▶ **What this task involves**
Starting at the line that holds "本次装机中,CentOS 担任最重要的角色,其是整个 HomeServer", quote every line through the end of the records, both boundary lines included. Omit the pictures.

▶ **Excerpted records**
══════════════════════════════
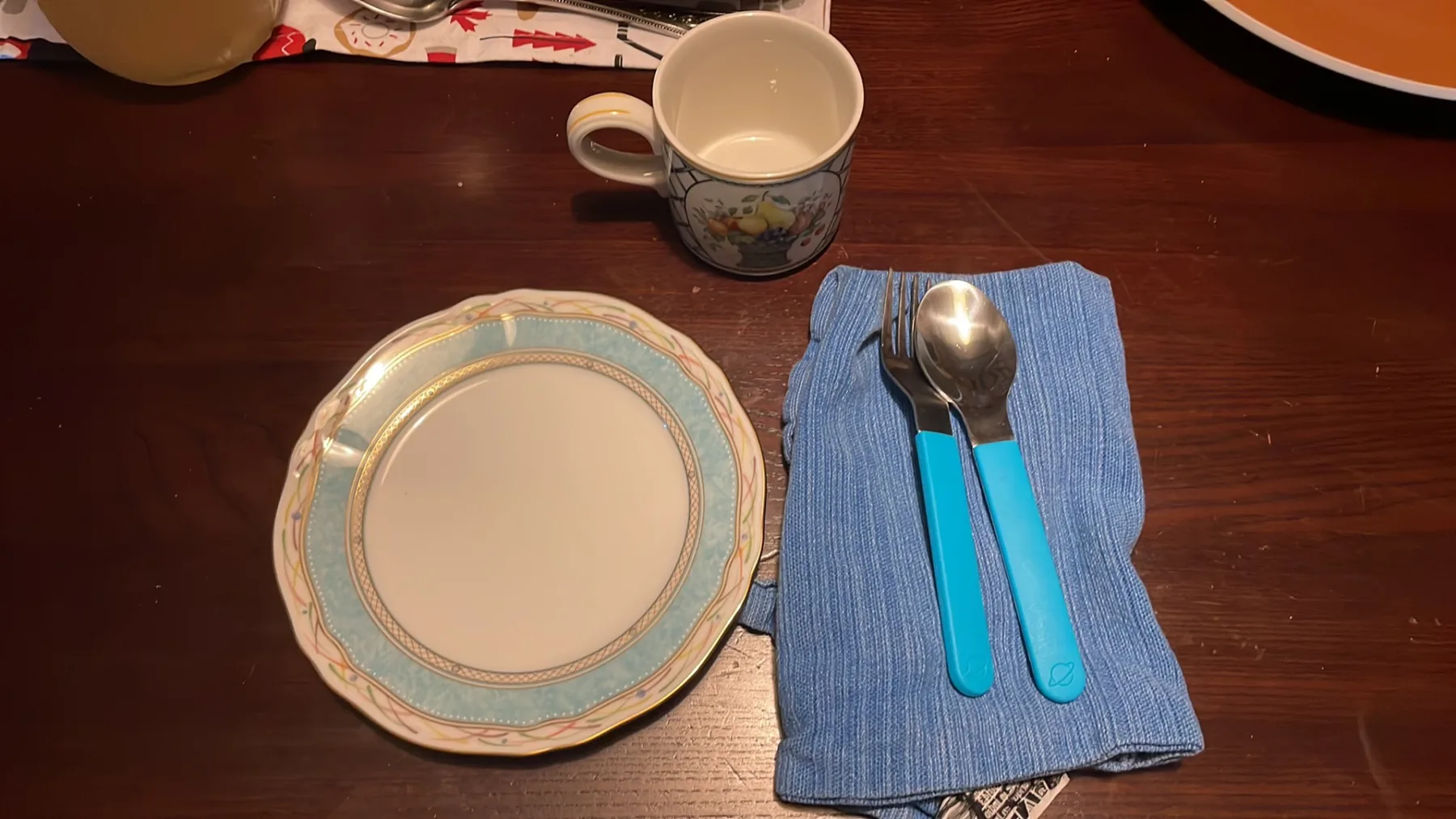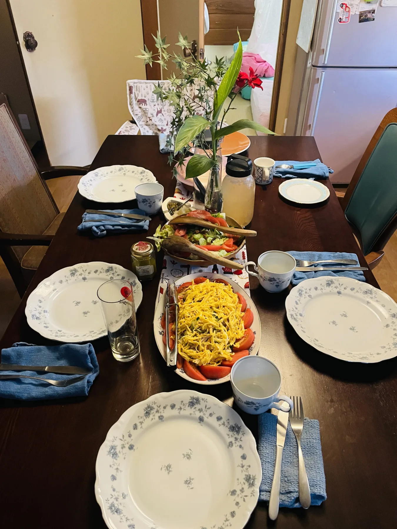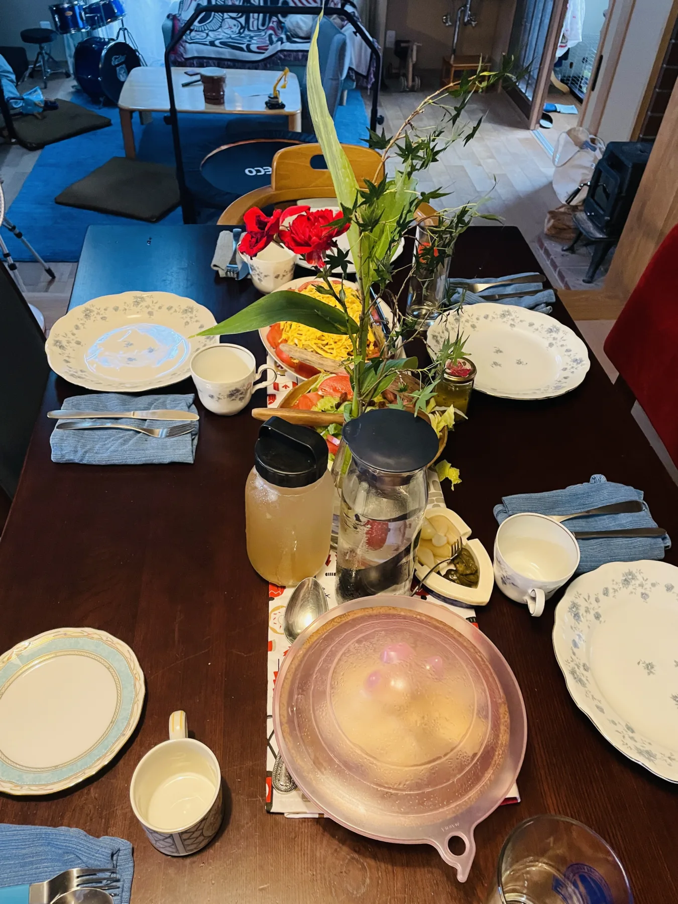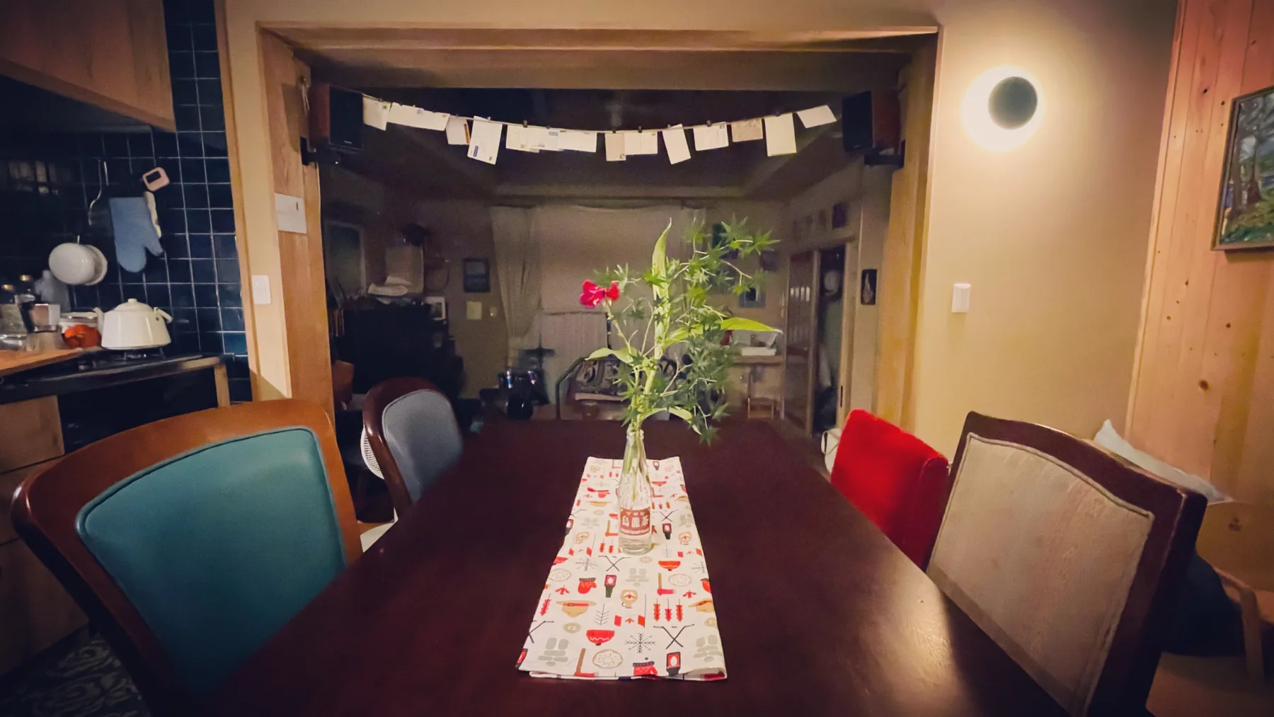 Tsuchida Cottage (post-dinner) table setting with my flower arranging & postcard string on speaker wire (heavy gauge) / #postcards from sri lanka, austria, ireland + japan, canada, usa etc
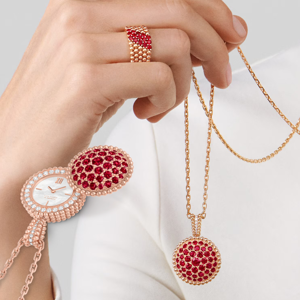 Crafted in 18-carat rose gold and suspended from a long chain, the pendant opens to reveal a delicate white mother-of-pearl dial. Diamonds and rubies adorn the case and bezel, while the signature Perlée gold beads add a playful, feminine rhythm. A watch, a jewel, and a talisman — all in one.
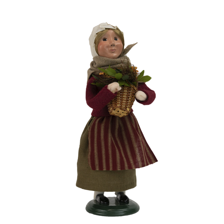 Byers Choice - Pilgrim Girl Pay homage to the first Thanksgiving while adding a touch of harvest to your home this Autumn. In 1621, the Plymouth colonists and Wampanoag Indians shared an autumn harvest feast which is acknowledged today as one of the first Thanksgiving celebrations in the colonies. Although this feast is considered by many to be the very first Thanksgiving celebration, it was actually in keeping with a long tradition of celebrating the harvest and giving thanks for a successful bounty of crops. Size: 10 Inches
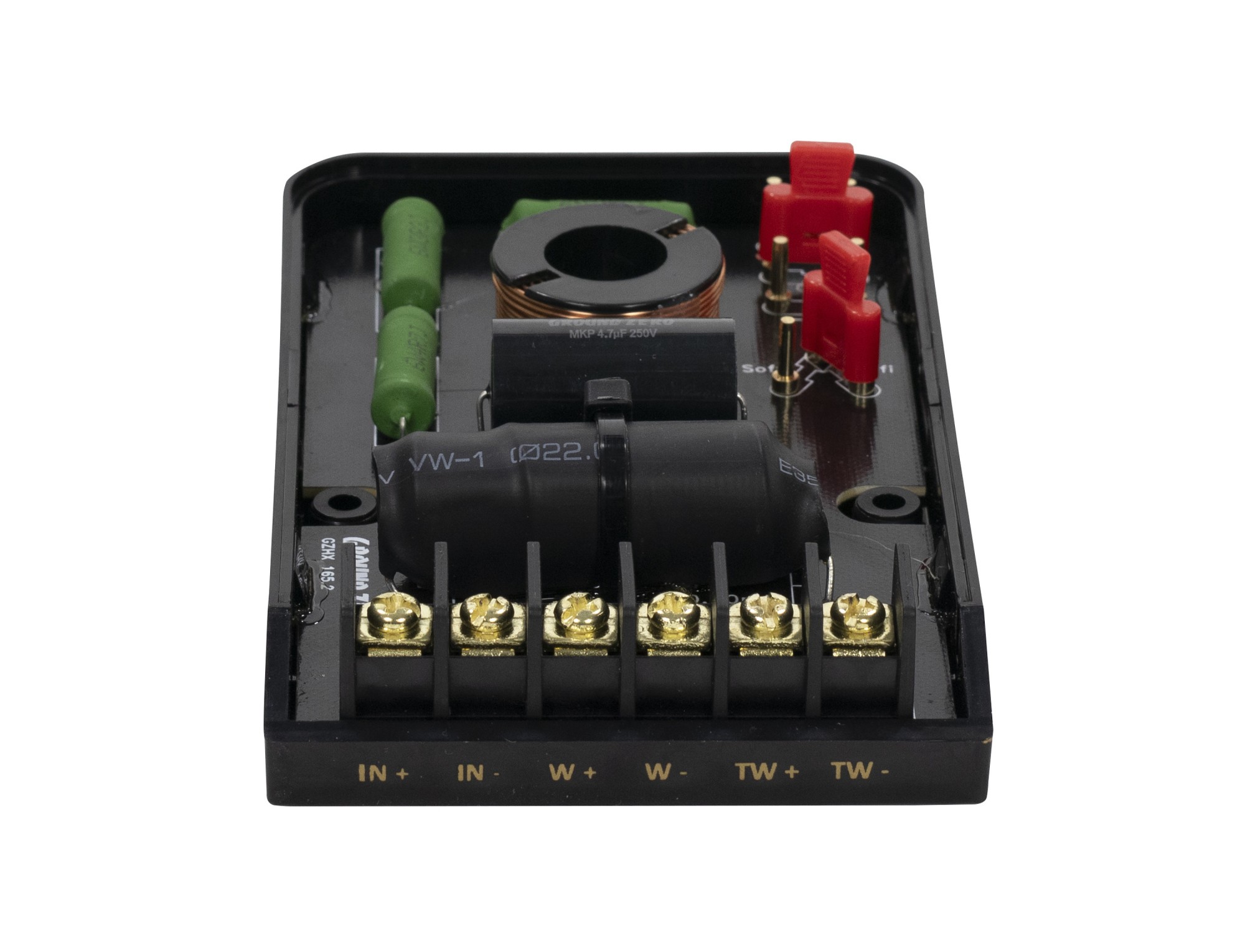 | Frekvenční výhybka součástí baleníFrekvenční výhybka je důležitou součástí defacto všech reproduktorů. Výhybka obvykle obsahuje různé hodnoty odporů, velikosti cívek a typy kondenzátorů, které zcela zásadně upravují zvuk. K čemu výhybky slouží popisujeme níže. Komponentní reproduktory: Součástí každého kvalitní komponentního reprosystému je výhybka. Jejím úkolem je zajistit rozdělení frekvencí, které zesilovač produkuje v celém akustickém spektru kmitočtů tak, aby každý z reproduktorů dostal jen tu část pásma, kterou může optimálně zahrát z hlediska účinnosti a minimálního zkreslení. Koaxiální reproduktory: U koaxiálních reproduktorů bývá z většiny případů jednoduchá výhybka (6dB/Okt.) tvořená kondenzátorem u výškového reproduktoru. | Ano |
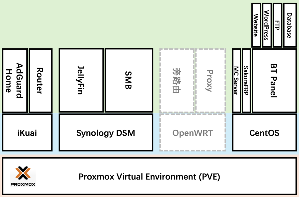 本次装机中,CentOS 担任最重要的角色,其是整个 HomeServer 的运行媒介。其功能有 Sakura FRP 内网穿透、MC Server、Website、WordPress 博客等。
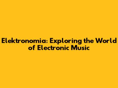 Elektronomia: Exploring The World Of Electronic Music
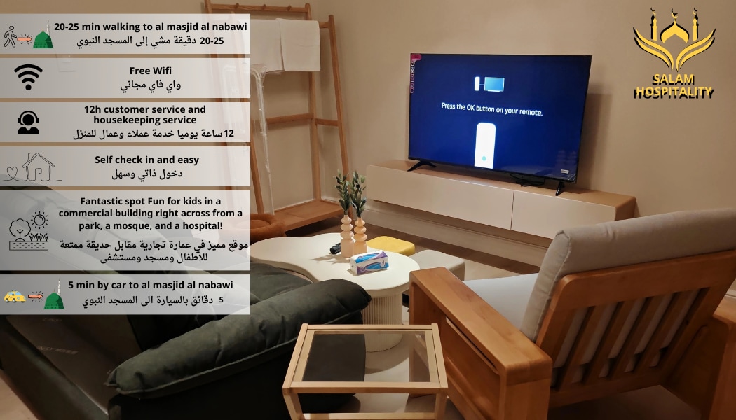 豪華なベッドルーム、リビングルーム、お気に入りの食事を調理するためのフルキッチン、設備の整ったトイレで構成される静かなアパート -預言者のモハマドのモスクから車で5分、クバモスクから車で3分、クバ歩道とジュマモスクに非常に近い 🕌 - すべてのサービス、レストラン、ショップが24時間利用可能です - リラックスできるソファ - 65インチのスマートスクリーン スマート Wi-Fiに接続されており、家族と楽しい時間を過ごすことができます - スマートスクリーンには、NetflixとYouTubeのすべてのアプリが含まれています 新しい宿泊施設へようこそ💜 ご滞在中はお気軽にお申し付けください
══════════════════════════════
▶ **Exercise solution**
 本次装机中,CentOS 担任最重要的角色,其是整个 HomeServer 的运行媒介。其功能有 Sakura FRP 内网穿透、MC Server、Website、WordPress 博客等。
 Elektronomia: Exploring The World Of Electronic Music
 豪華なベッドルーム、リビングルーム、お気に入りの食事を調理するためのフルキッチン、設備の整ったトイレで構成される静かなアパート -預言者のモハマドのモスクから車で5分、クバモスクから車で3分、クバ歩道とジュマモスクに非常に近い 🕌 - すべてのサービス、レストラン、ショップが24時間利用可能です - リラックスできるソファ - 65インチのスマートスクリーン スマート Wi-Fiに接続されており、家族と楽しい時間を過ごすことができます - スマートスクリーンには、NetflixとYouTubeのすべてのアプリが含まれています 新しい宿泊施設へようこそ💜 ご滞在中はお気軽にお申し付けください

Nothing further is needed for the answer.